(Dataset items)
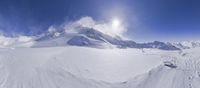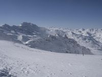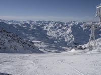 A tourist enjoys the view of the alpine landscape on a sunny day in the French Alps. The mountain range boasts many snow-capped peaks, glacial valleys, and ski slopes with a gondola providing an overlook of the terrain. Nunataks, arêtes, and low profiles are just a few of the mountain landforms that make this area a popular tourist attraction.
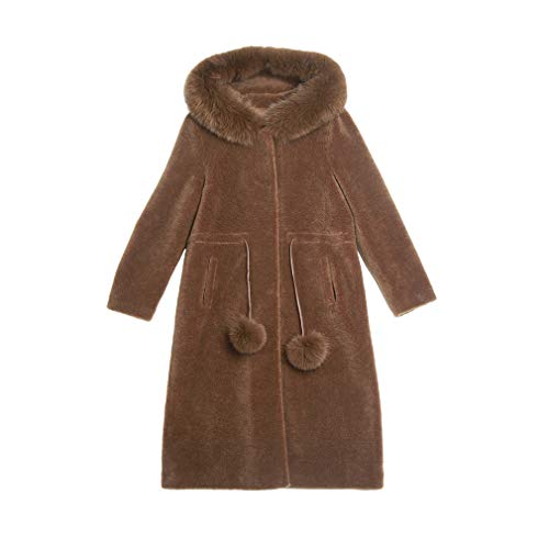 fur story Women's Fur Coat with Hood and Pompom Long Fur Jacket for Winter 18133
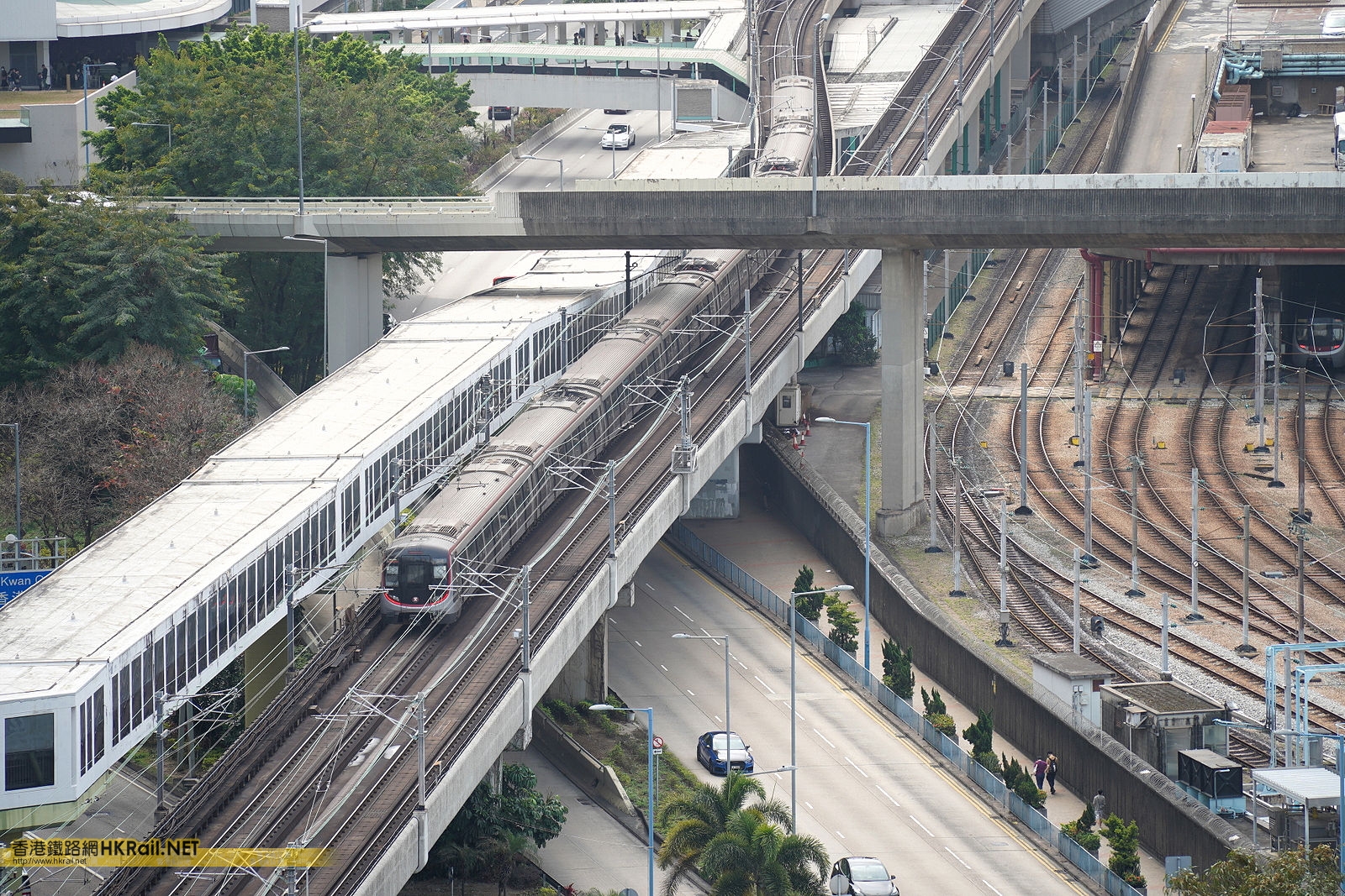 行走觀塘綫前往調景嶺方向的港鐵中國製Q-Train電動列車剛駛向九龍灣站
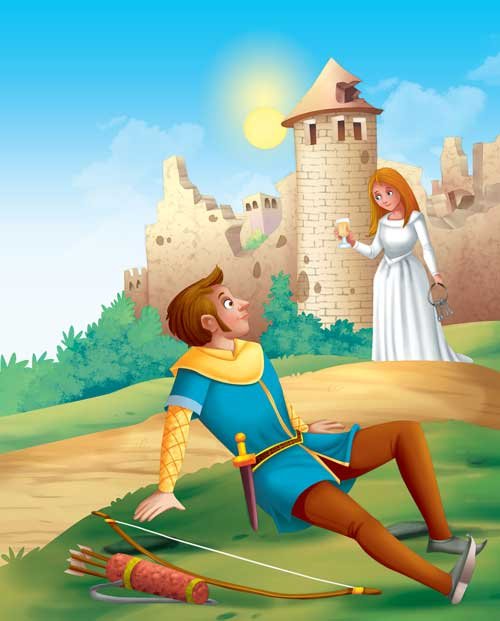 Once upon a time, there was a castle in a valley near the Rhine River. Now, it lay desolate and in ruins. One summer afternoon, a young nobleman was out hunting and he chased a fox all the way up into the valley. But he lost the fox along the way and decided to go up to the castle and rest a bit because it was very hot. By the time he reached the ruins and flung himself down on the grass in the shadow of a tower, he was exhausted. ‘I wish someone would give me some cool wine to drink!’ he said aloud to himself. Suddenly, he found a beautiful maiden, dressed all in white, with flaxen hair and white skin, coming towards him with a goblet of wine in one hand and a bunch of keys in the other! “Here you are!” she said, offering him the goblet of wine.
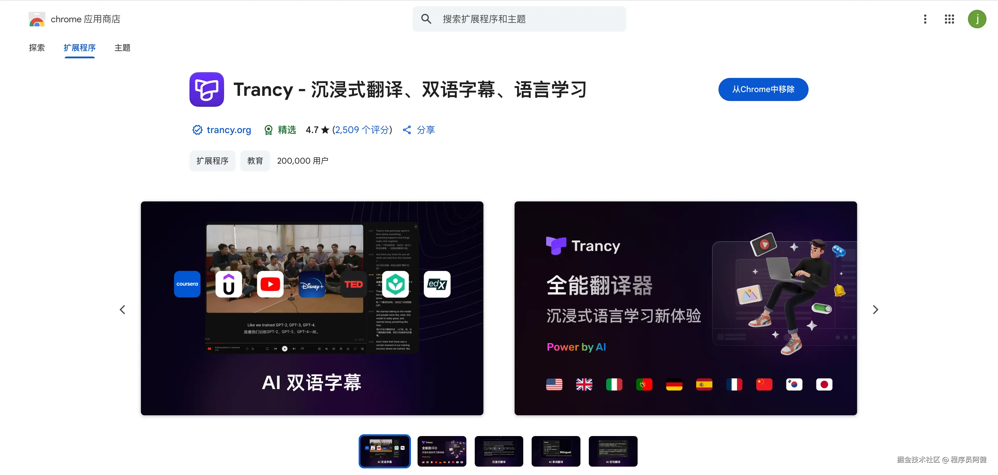 这里推荐一个实时翻译 YouTube 视频字幕的 Chrome 浏览器插件:Trancy。在对比了沉浸式翻译,简易翻译等工具后,这个使用体验最好。
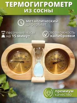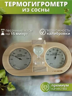 Термогигрометр с песочными часами из сосны для бани и сауны
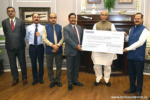 BDL's Chairman & Managing Director (CMD) Commodore Siddharth Mishra (Retd) presented the cheque for Rs 92.008 crore, being the interim dividend pertaining to the government's shareholding in BDL (74.93 percent) to Union Defence Minister Rajnath Singh at New Delhi on Monday.
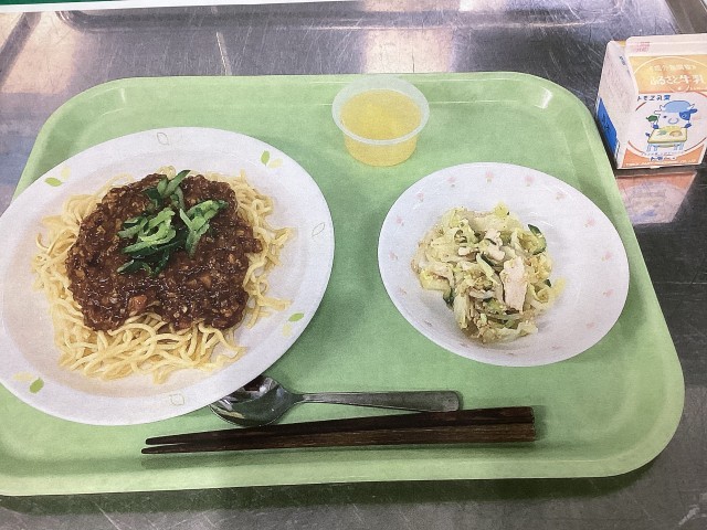 今日は、ジャージャー麺、バンバンジーサラダ、りんごゼリー、牛乳です。
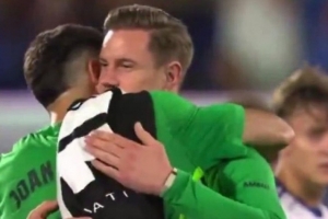 體育資訊8月11日訊 據(jù)《每日體育報(bào)》報(bào)道,巴薩隊(duì)長(zhǎng)特爾施特根在甘伯杯賽后和另一位巴薩門將霍安-加西亞擁抱。
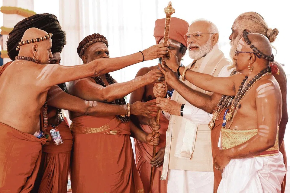 தமிழ் மறைகள் முழங்க, தமிழ்நாட்டைச் சேர்ந்த திருவாவடுதுறை, மதுரை உள்ளிட்ட 20 ஆதீனத் தலைவர்கள் செங்கோலைப் பிரதமரிடம் வழங்கினர். அவர்களிடம் ஆசி பெற்றுக்கொண்ட திரு மோடி செங்கோலை மக்களவைத் தலைவரின் இருக்கைக்கு அருகே நிறுவினார்.
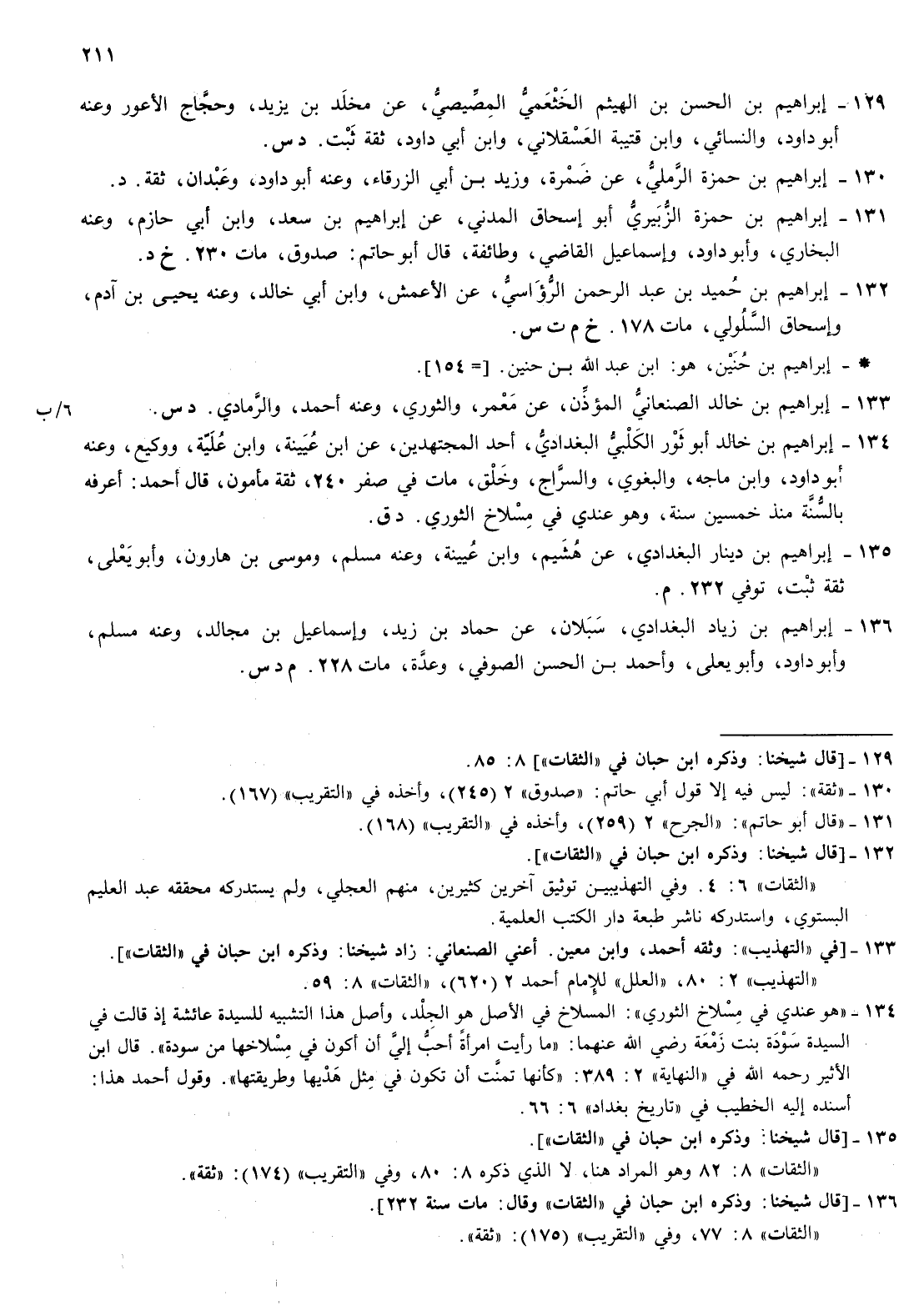 134- إبراهيم بن خالد أبو ثور الكلبي البغدادي أحد المجتهدين عن بن عيينة وابن علية ووكيع وعنه أبو داود وابن ماجة والبغوي والسراج وخلق مات في صفر 24 ثقة مأمون قال أحمد أعرفه بالسنة منذ خمسين سنة وهو عندي في مسلاخ الثوري د ق
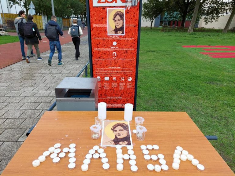Nevertheless, a remembrance was still held on campus on Wednesday 28 September. Students and staff lit candles to honour Mahsa Amini at Freezone D, next to the Faculty of Electrical Engineering, Mathematics and Computer Science.
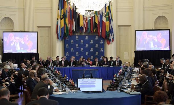 Efe – Argentina pidió al Gobierno de Nicolás Maduro iniciar «una nueva etapa del diálogo» con la oposición en la que cumpla compromisos de la anterior como «la liberación de los presos políticos, el respeto a las normas constitucionales, la separación de poderes y un calendario electoral con presencia de observadores». Washington (EEUU), miércoles 31 de mayo de 2017. Fotografía: Vista general de la vigésima novena reunión de consulta de Ministros de Relaciones Exteriores de la Organización de los Estados Americanos realizada en la OEA hoy miércoles 31 de Mayo de 2017, en Washington DC, EE.UU. Efe.
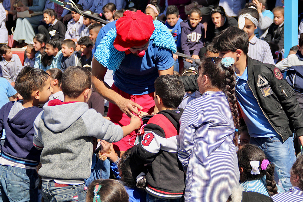 في هذا السياق، ينخرط المهرجون بلا حدود بشكل منتظم في المنطقة منذ عام 1998. وتقدم الجمعية مشاريع فنية مختلفة في مخيمات اللاجئين الومدارس، مما يسمح، من خلال تطوير الأنشطة الثقافية والفنية، بالمساعدة في إدارة ضبط النفس وبناء قدرات المرونة من أصغر.
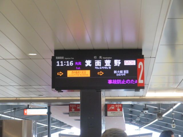 ③新大阪駅のホームまで移動し、12時53分発の中百舌鳥行きに乗り、西中島南方駅(12時53分)まで移動。そこから阪急の南方駅で乗り換え、淡路まで移動。そして、13時17分、淡路駅で乗り換え北千里駅(13時43分)まで移動する。
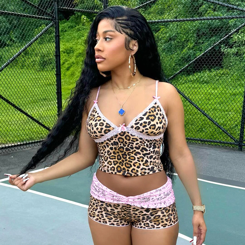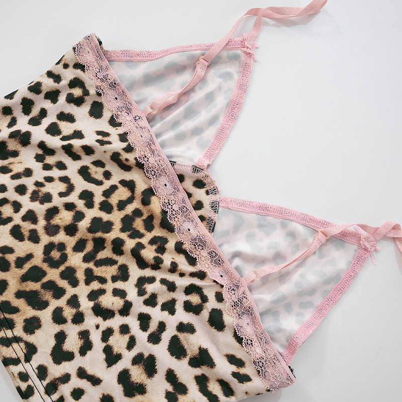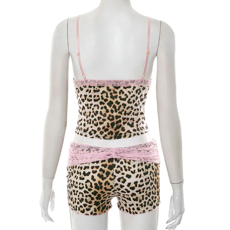 This Leopard Print Patchwork Lace Bowknot Strap Top Contrast Color Shorts Two-Piece Set Design Made Of High Quality polyester And Spandex Material. It Is Stretchy, Durable And Comfortable. It Come With The Top And Shorts. retail Short Sets Saves Some People From The Trouble Of Matching. And For Matchmakers It Is More Flexible Than One-Piece Outfit. Two Piece Short Set Can Be Worn Together Or Individually, Ladies Can Match Them According To Different Occasions. Grab Different Two Piece Short Sets For This Spring And Summer.

WORK REQUEST ▸ Pictures are to be left out; the lines from the start of the records above through the line holding "行走觀塘綫前往調景嶺方向的港鐵中國製Q-Train電動列車剛駛向九龍灣站" are to be returned exactly.

TASK SOLUTION ▸
 A tourist enjoys the view of the alpine landscape on a sunny day in the French Alps. The mountain range boasts many snow-capped peaks, glacial valleys, and ski slopes with a gondola providing an overlook of the terrain. Nunataks, arêtes, and low profiles are just a few of the mountain landforms that make this area a popular tourist attraction.
 fur story Women's Fur Coat with Hood and Pompom Long Fur Jacket for Winter 18133
 行走觀塘綫前往調景嶺方向的港鐵中國製Q-Train電動列車剛駛向九龍灣站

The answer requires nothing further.